Cannot reproduce... I ran with python train_sampling_multi_gpu.py --gpu 0,1 --dataset ogbn-papers100M --data-device uva and it works well. Can you change the following two lines

        train_nfeat = dgl.contrib.UnifiedTensor(train_nfeat, device=device)
        train_labels = dgl.contrib.UnifiedTensor(train_labels, device=device)

to

        cudart = th.cuda.cudart()
        cudart.cudaHostRegister(train_nfeat.data_ptr(),
            train_nfeat.numel() * train_nfeat.element_size(), 0)
        cudart.cudaHostRegister(train_labels.data_ptr(),
            train_labels.numel() * train_labels.element_size(), 0)

Though it will be a bit slower, but can help us figure out whether the error is caused by DGL or the OS.

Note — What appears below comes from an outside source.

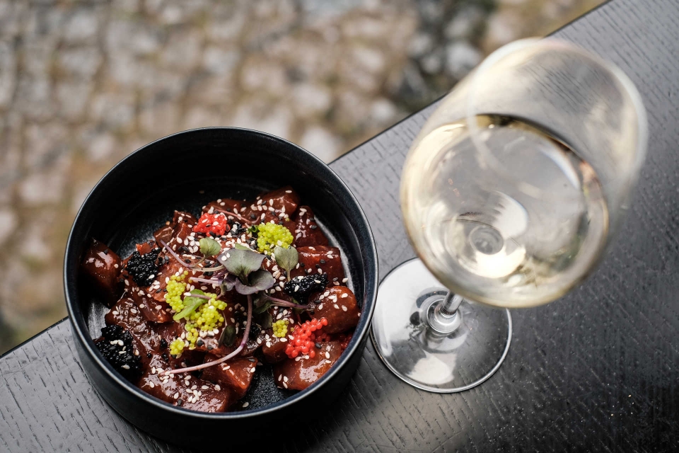 O rés-do-chão e o primeiro andar da Esplanada do Jardim estão agora por sua conta. Almoçamos no rés-do-chão, um restaurante com capacidade para uma 100 pessoas, a juntar a outro tanto na esplanada. As entradas deixam adivinhar que o chef Rafael Santos, em parceria com Martim Nunes e Gabriel Frank, é capaz de surpreender sem esforço: um donut de camembert panado, em fatias de bacon, antes de um pica-pau com mostarda de Dijon e pickles. Depois, um kimuchi à base de ovas de peixe e leite de tigre, guarnecido com sementes de sésamo. Por ali, há sempre pratos do dia e por isso é imperdível experimentar as duas sugestões deste dia soalheiro, que casa bem com choco frito acompanhado com puré de batata-doce e gratinado de brócolos.

zqj2333 commented 2 years ago

Cannot reproduce... I ran with python train_sampling_multi_gpu.py --gpu 0,1 --dataset ogbn-papers100M --data-device uva and it works well. Can you change the following two lines

        train_nfeat = dgl.contrib.UnifiedTensor(train_nfeat, device=device)
        train_labels = dgl.contrib.UnifiedTensor(train_labels, device=device)

to

        cudart = th.cuda.cudart()
        cudart.cudaHostRegister(train_nfeat.data_ptr(),
            train_nfeat.numel() * train_nfeat.element_size(), 0)
        cudart.cudaHostRegister(train_labels.data_ptr(),
            train_labels.numel() * train_labels.element_size(), 0)

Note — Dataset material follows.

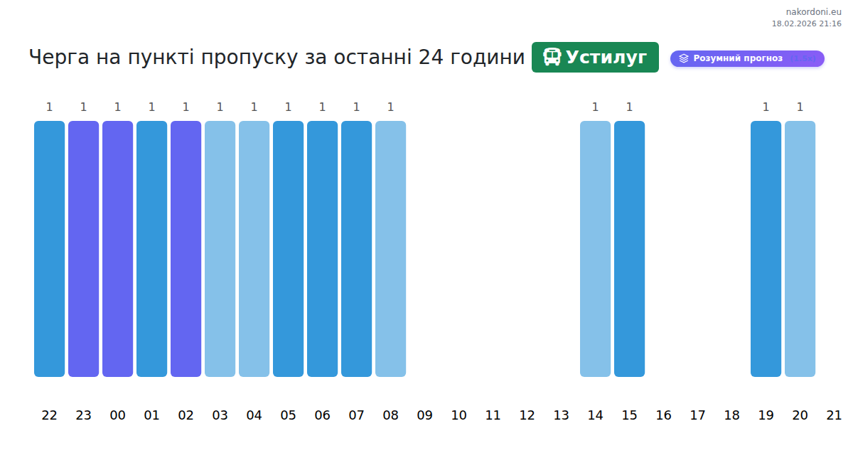 На пункті пропуску Устилуг для автобусів очікується час очікування від 15 до 95 хвилин. Уникайте перетину в пікові години між 10:00 та 12:00. Для потенційно коротших черг розгляньте перетин о 15:00, 18:00 або 05:00.

Though it will be a bit slower, but can help us figure out whether the error is caused by DGL or the OS.

Hello, after I replace the code, there is no error. So it seems that there is something wrong in DGL. By the way, when I execute on v100, there is no error, which made me very confused.

yaox12 commented 2 years ago

Do you have ideas on this issue? @nv-dlasalle @davidmin7

zqj2333 commented 2 years ago

Cannot reproduce... I ran with python train_sampling_multi_gpu.py --gpu 0,1 --dataset ogbn-papers100M --data-device uva and it works well. Can you change the following two lines

        train_nfeat = dgl.contrib.UnifiedTensor(train_nfeat, device=device)
        train_labels = dgl.contrib.UnifiedTensor(train_labels, device=device)

to

        cudart = th.cuda.cudart()
        cudart.cudaHostRegister(train_nfeat.data_ptr(),
            train_nfeat.numel() * train_nfeat.element_size(), 0)
        cudart.cudaHostRegister(train_labels.data_ptr(),
            train_labels.numel() * train_labels.element_size(), 0)

Though it will be a bit slower, but can help us figure out whether the error is caused by DGL or the OS.

Hello~Could you give me a docker that is able to run python train_sampling_multi_gpu.py --gpu 0,1 --dataset ogbn-papers100M --data-device uva on a100?